--- Exercise prompt ---
Your job is to print, exactly, the lines in the data below from the line with "Our Master Women's Quad takes 1st." through the line with "Mass in the Franciscan church on Mount Nebo", both included, and to omit any picture.

--- Information ---

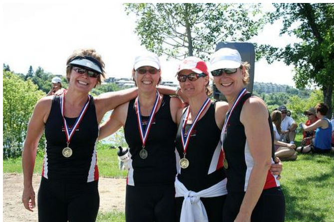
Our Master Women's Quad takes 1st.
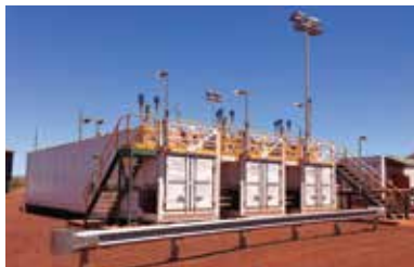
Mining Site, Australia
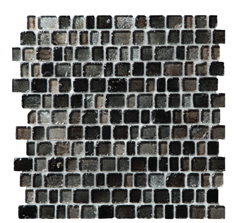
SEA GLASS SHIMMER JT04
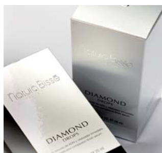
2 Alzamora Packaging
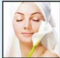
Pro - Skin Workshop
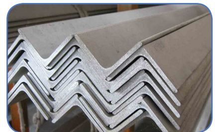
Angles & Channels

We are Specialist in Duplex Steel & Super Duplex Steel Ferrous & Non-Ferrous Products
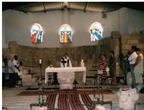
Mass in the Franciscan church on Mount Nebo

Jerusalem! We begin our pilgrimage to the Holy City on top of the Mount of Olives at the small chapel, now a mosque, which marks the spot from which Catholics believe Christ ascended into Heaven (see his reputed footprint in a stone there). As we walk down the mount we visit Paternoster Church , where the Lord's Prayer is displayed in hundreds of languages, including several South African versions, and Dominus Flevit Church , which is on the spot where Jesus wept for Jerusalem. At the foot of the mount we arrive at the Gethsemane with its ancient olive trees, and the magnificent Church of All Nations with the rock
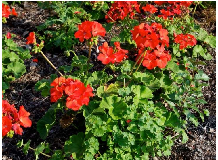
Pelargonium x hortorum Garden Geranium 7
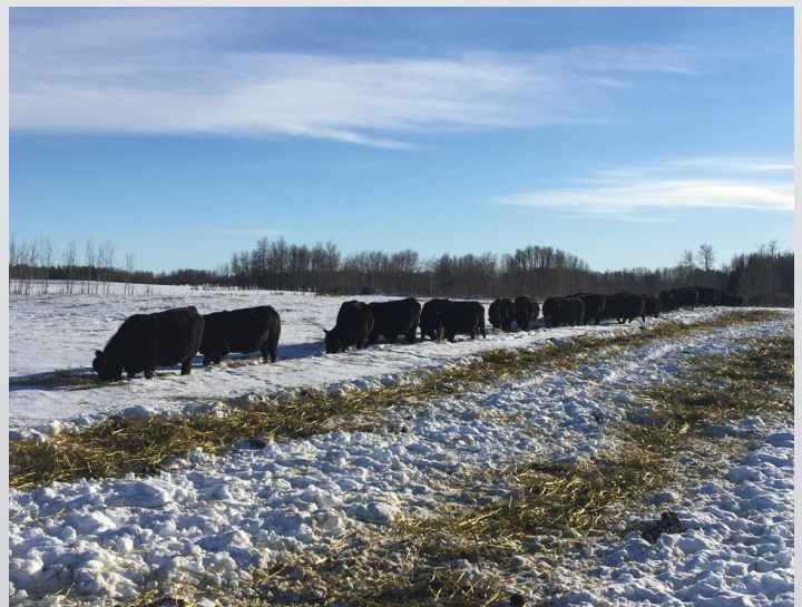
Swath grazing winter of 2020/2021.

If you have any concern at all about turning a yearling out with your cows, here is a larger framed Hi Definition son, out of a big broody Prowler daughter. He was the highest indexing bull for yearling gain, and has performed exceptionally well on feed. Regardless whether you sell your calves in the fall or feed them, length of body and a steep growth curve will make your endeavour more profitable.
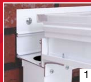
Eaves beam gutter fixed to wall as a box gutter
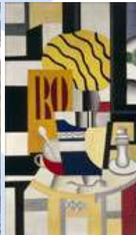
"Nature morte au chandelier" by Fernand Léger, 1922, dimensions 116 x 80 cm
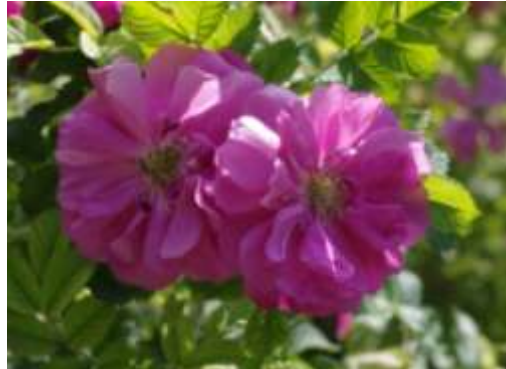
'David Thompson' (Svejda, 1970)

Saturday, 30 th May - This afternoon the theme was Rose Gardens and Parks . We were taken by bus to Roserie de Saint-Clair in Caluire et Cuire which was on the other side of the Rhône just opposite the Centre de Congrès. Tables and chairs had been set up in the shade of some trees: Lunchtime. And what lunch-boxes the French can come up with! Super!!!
* * *
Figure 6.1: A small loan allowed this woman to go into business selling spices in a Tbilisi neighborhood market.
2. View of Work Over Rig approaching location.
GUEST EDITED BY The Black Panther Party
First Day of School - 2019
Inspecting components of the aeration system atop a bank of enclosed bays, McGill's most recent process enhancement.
--
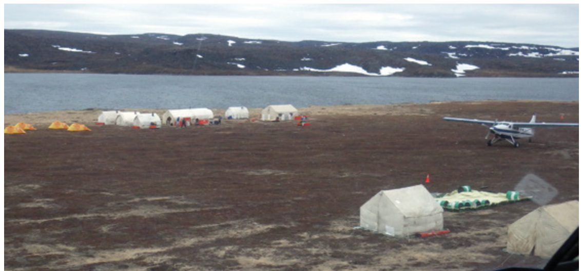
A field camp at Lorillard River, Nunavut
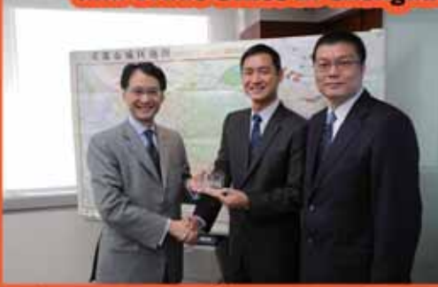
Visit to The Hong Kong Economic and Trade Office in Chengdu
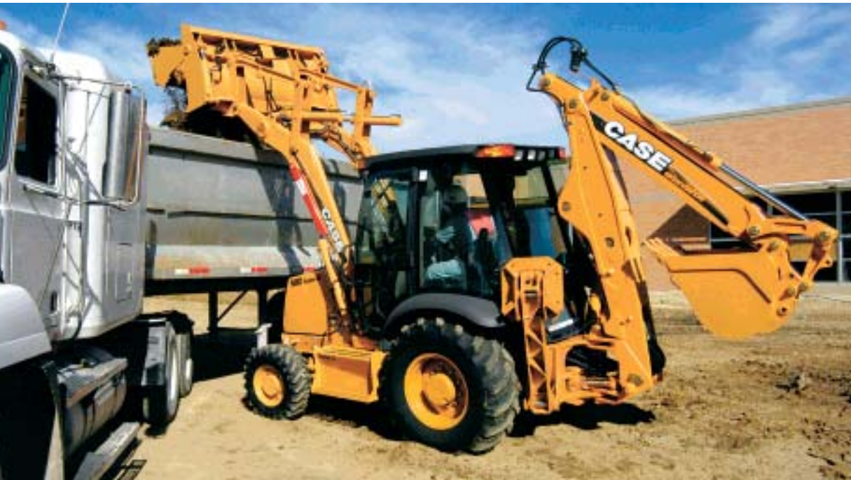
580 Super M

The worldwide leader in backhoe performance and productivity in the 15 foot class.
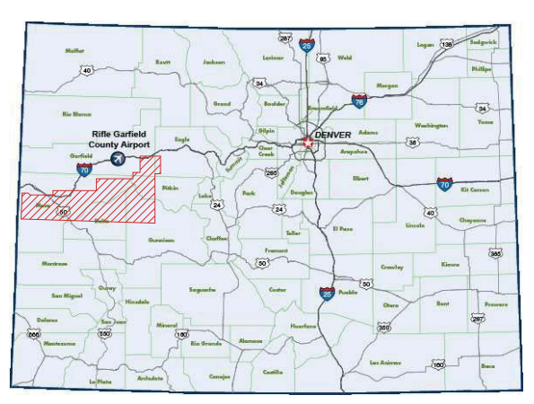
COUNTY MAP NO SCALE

--- Result below ---
Our Master Women's Quad takes 1st.
Mining Site, Australia
SEA GLASS SHIMMER JT04
2 Alzamora Packaging
Pro - Skin Workshop
Angles & Channels

We are Specialist in Duplex Steel & Super Duplex Steel Ferrous & Non-Ferrous Products
Mass in the Franciscan church on Mount Nebo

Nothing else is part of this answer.